A screenshot shows a distributed cross apply in a query plan, with an index scan and a table scan as inputs.

For example, suppose you add an index to the Albums table:

CREATE INDEX AlbumsByAlbumTitle ON Albums(AlbumTitle);

Then you run the following query:

SELECT * FROM Albums WHERE STARTS_WITH(AlbumTitle, "Now");

The AlbumsByAlbumTitle index contains AlbumTitle, but the query selects all of the columns in the table, not just AlbumTitle. As a result, the query plan includes a distributed cross apply operator, with an index scan of AlbumsByAlbumTitle and a table scan of Albums as its inputs.

Choose a different index

After you find the index that Spanner used for your query, try running your query with a different index, or by scanning the base table instead of using an index. To specify the index, add a FORCE_INDEX directive to the query.

If you find a faster version of the query, update your application to use the faster version.

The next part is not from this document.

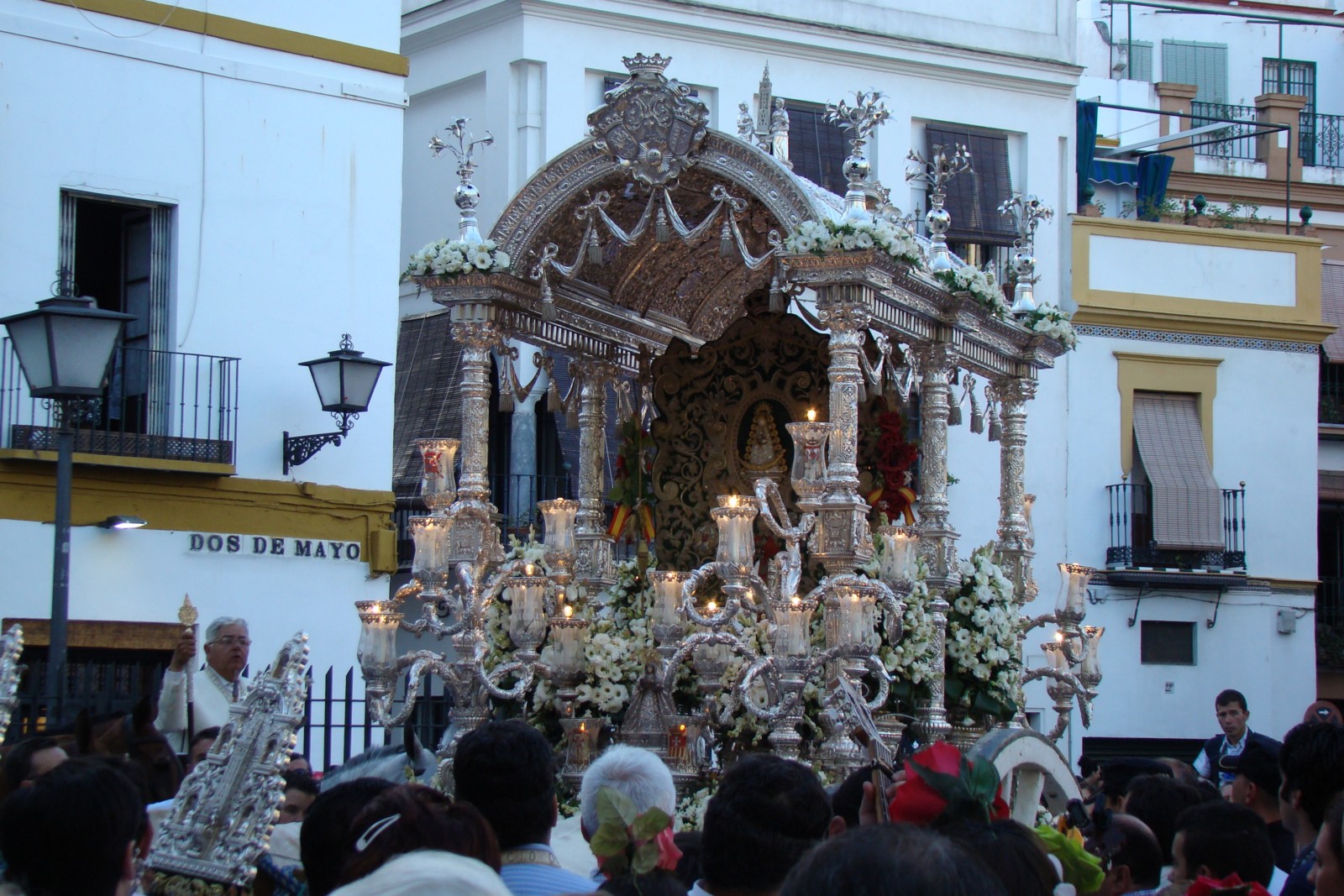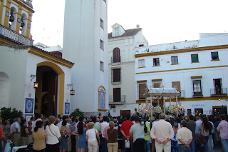» Un año más la Hermandad del Rocio de Sevilla en su camino de regreso de la ermita almonteña visitó la Capilla de la Hermandad de Las Aguas, la junta de gobierno hizo el saludo preceptivo y regaló un ramo de flores, al compás de la salve rociera y el cante por sevillanas».

Guidelines for choosing an index

Use these guidelines to decide what index to test for the query:

If your query meets any of these criteria, try using the base table instead of a secondary index:
- The query checks for equality with a prefix of the base table's primary key (for example, SELECT * FROM Albums WHERE SingerId = 1).
- A large number of rows satisfy the query predicates (for example, SELECT * FROM Albums WHERE AlbumTitle != "There Is No Album With This Title").
- The query uses a base table that contains only a few hundred rows.
If the query contains a very selective predicate (for example, REGEXP_CONTAINS, STARTS_WITH, <, <=, >, >=, or !=), try using an index that includes the same columns that you use in the predicate.

Test the updated query

Use the Google Cloud console to test the updated query and find out how long it takes to process the query.

If your query includes query parameters, and a query parameter is bound to some values much more often than others, then bind the query parameter with one of those values in your tests. For example, if the query includes a predicate such as WHERE country = @countryId, and almost all of your queries bind @countryId to the value US, then bind @countryId to US for your performance tests. This approach helps you optimize for the queries you run most frequently.

To test the updated query in the Google Cloud console, follow these steps:

Go to the Spanner Instances page in the Google Cloud console.

Go to the Instances page
Click the name of the instance you want to query.
In the left pane, click the database you want to query, then click Spanner Studio.
Enter the query to test, including the FORCE_INDEX directive, and click Run query.

The Google Cloud console opens the Results table tab, then shows the query results, including how long it took for the Spanner service to process the query.

This metric does not include other sources of latency, such as the time it took for the Google Cloud console to interpret and display the query results.

Get the detailed profile of a query in JSON format using the REST API

By default, only statement results are returned when you execute a query. This is because QueryMode is set to NORMAL. To include detailed execution statistics with the query results, set QueryMode to PROFILE.

Create a session

Before you update your query mode, create a session, which represents a communication channel with the Spanner database service.

Click projects.instances.databases.sessions.create.

Provide the project, instance, and database ID in the following form:

projects/[\PROJECT_ID\]/instances/[\INSTANCE_ID\]/databases/[\DATABASE_ID\]

Click Execute. The response shows the session that you created in this form:
```
projects/[\PROJECT_ID\]/instances/[\INSTANCE_ID\]/databases/[\DATABASE_ID\]/sessions/[\SESSION\]
```
You will use it to perform the query profile in the next step. The created session will be alive for at most one hour between consecutive uses before it is deleted by the database.

Profile the query

Enable PROFILE mode for the query.

Click projects.instances.databases.sessions.executeSql.

For session, enter the session ID you created in the previous step:

projects/[PROJECT_ID]/instances/[INSTANCE_ID]/databases/[DATABASE_ID]/sessions/[SESSION]

For Request body, use the following:

{
  "sql": "[YOUR_SQL_QUERY]",
  "queryMode": "PROFILE"
}

Click Execute. The returned response will include the query results, query plan, and the execution statistics for the query.